Always look on the bright side of life ... tuttutututututu

Always look on the bright side of life, and most things will be fine. Well, I have served the people for around 1 month already. To be frank, I am really exposed to the real Singapore. I mean though I am a NS, but I work like a regular. Or even harder than some. Of course, when answering to the superior, the regulars will have to answer more.

Nonetheless, I am also quite fearful of what I am inputting might affect the OSA which I swore for the rest of my life. This is why I am limiting myself for writing out most of the cases I have attended.

But, sometimes being a frontline people, that faces the public, we have tremendous pressure when things happen. When you do things harder, the public will complain against you for being too harsh without discern effort. When you try not to do things the hard way, the public will still complain you for being slack.
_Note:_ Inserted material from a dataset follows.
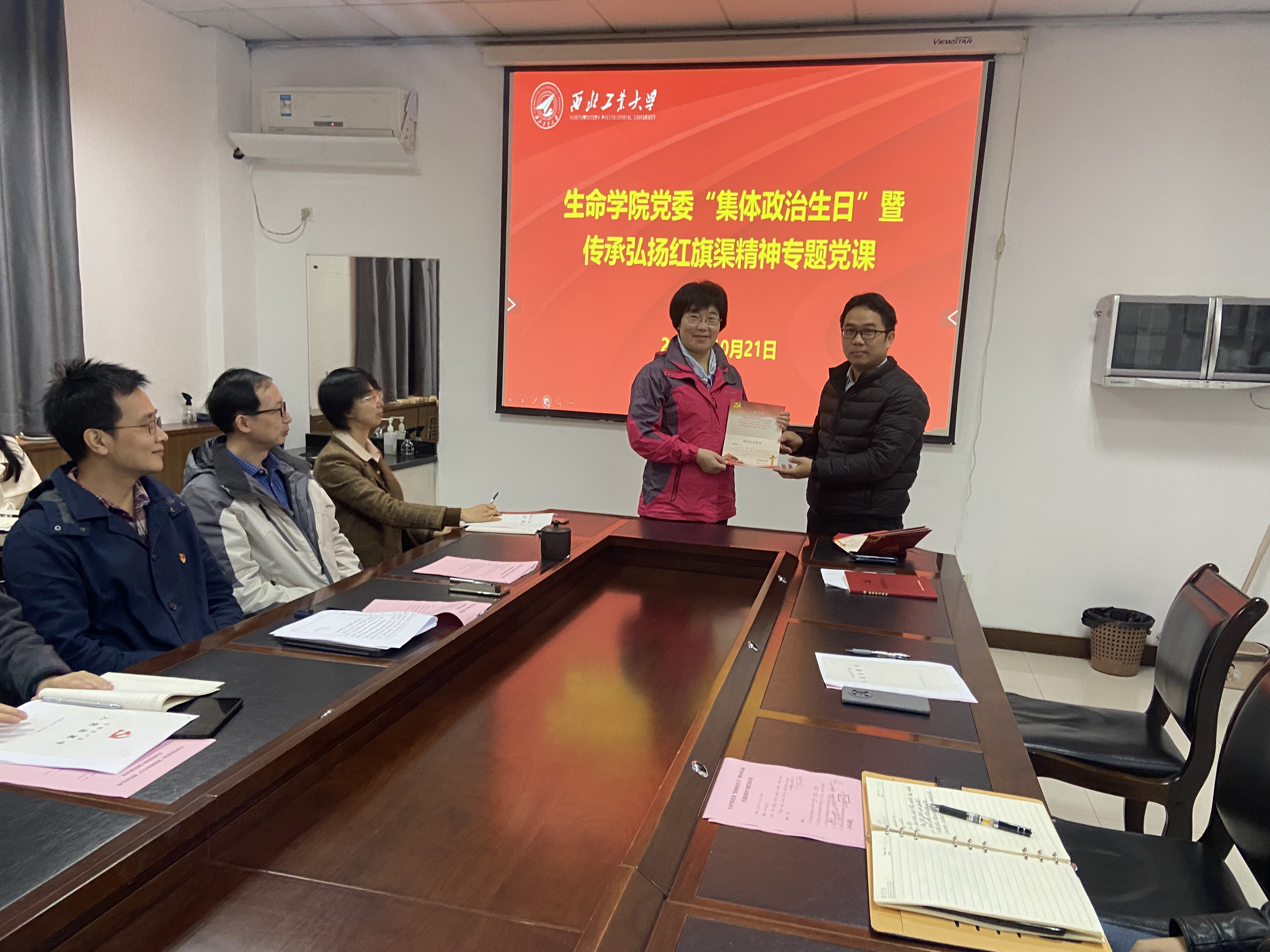师俊玲、施建宇、卢慧甍等党员代表依次庄严宣读本人入党志愿书,分享感悟体会,重温入党初心。卢慧甍同志在交流发言时讲到,“看到自己当年的入党志愿书虽很青涩但令人心潮澎湃,当年渴望加入党组织的真诚与执着跃然纸上,激励着我在工作科研中再攀高峰。”青年教师呼延霆回忆起18年前在革命圣地延安王家坪旧址前宣誓入党的场景,表示在今后的工作中要处处以党员的标准严格要求自己,不忘初心、牢记使命,做一名“四有”好老师。

It seems I have gone back into a contradictory cycle, that is whatever I do, it seems that I am always wrong. This is life. Like what my Sir said to me, whatever you do, as long as you do it with a conscience, and all your actions are justifiable, then you do not fear and do what you deem. Sometimes public only see the back side and not the front, thus they will never know and heap abuses to you.

This made me notice that not only the police but many things have changed from the past. Though I am a newcomer and seem not to be in a position to comment, I have the disgression to see things. Last time, many civil servants command respect, but now it seems all of us have become a slave instead of servants. The respect we gain, which I like to joke from the symbol I have created from my 5 fingers, seems to turn into the 3rd finger now sticking out of people's hands. I am not commenting anything about the management or what, and I am NS and I don't even bother about the whole system and just want to serve the 2 years to repay the country. But most of the time, the regulars will be the one to suffer. Unlike the big shots, normally the older people and the lower education qualification face many injustice.

Alas, I do not even know about the whole things of SciFi. Am I destined to succeed, or I will become a reject. Everyone holds the destiny in their hands. I have grown to be more mature, as I realise I am more mature than what I think of myself. When I look at some of the childlish actions of the regulars though they are at least 5 years older than me, I shake my head and come to a sudden realisation that I am quite mature. For the professionalism, well I am still learning. Just keep swimming.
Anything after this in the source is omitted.